Amina sipped her tea. “So. Hundreds of years ago, in a country not far from here, there was a man called Rudolph of Awemt who was very gifted with magic. He rejected the laws because in his arrogance he believed that rules didn’t apply to him. He used his powers to serve his own ambition, and eventually he became king. At first he thought he had gained everything he wanted. But he realized that even with all his riches and power, there was something he didn’t have. Nothing could prevent him from dying.”

Amina was using her storytelling voice, which was hypnotic and comforting, like warm honey. It made Georgette feel that she was seven years old again, when her favorite thing in the world had been Amina’s stories.

“As he grew older, King Rudolph became obsessed with death,” said Amina. “He gathered astrologers and alchemists and scholars to his court and sent explorers to far lands to find the fountain of life. None of them discovered the secret to immortality. And he grew older still, and still he obsessed about his death.”

She was silent for a while, her face serious and thoughtful, but this time no one said anything.

“King Rudolph had a son, his heir, and he envied him his youth. As time went by he began to hate him, because his son would take everything that he owned. And at some point, nobody really knows when, he began to practice blood magic. Blood magic is a witch art used in healing, but this king found a way to use it to put his soul inside his son’s body.”

“He what?” said Pip. “What happened to the son?”

“The prince’s soul was devoured by his father, and King Rudolph lived on in his son’s body. To everybody else, it seemed that the king had died, like everyone else dies. But he hadn’t. After that he began to initiate others into his practice. Sometimes his subordinates, sometimes his allies.”

There was a short silence. Pip glanced uneasily at the candles. They seemed to be burning faster.

“A Specter hasn’t escaped death,” Amina said. “Like every living thing, a Specter has died. But they exist beyond their death, not alive, but not dead either. And because their existence isn’t life, they are jealous of everything that lives. They want everyone to be like they are, without joy, without love, without beauty. They are parasites who feast on the living and turn them into themselves. And because they refuse to be dead when it is their time, they bring only death.”

“But that’s awful!” said El.

“It takes a long time to form a Specter, but because they don’t die in the normal ways, they have all the time in the world. Every century there were more of them, always in the royal houses. The Specters knew that only witches could recognize what they were, and so they began to persecute anyone who knew the craft. Before the Specters, witches were welcome everywhere, but this changed fast. When King Odo the Fifth of Clarel became a Specter himself, a hundred years ago, it happened in Clarel too.”

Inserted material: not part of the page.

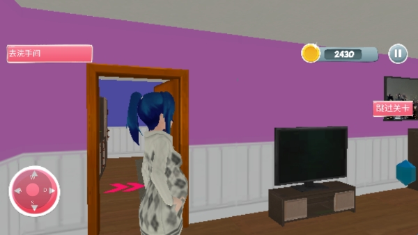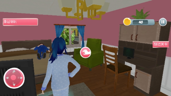 2、跟着游戏人物去走,首先拿起喇叭对女儿和丈夫叫醒服务。

Georgette gave a tiny gasp.

“Fifty years ago, a wise woman in Clarel began to wonder how to stop this wickedness. And then something unexpected happened. Axel Blanc, the son of a blacksmith, led a revolt against the Crown and took the throne. After he executed the king, he married the king’s daughter, Alisel, to consolidate his claim to the throne, and he threw the king’s wife and mistresses and most of his children into the dungeons of this palace. Among them was a prince called Clovis, who was seven years old. Clovis was your great-uncle, Georgie.”

“So,” said Pip, who was following the story closely, frowning in concentration, “they can be killed, after all?”

“They can be killed, but only with difficulty. Specters can move through realms, from life to the In Between. That’s why we use muffling candles, because if they choose, they can eavesdrop from the In Between. Axel chopped off the king’s head before he had time to send his soul to his next body, but that was just a stroke of luck. And you can be sure that since then, Specters are much more protective of their mortal bodies.”

El looked bewildered and scared. “I don’t like this story,” she said, her voice wobbling.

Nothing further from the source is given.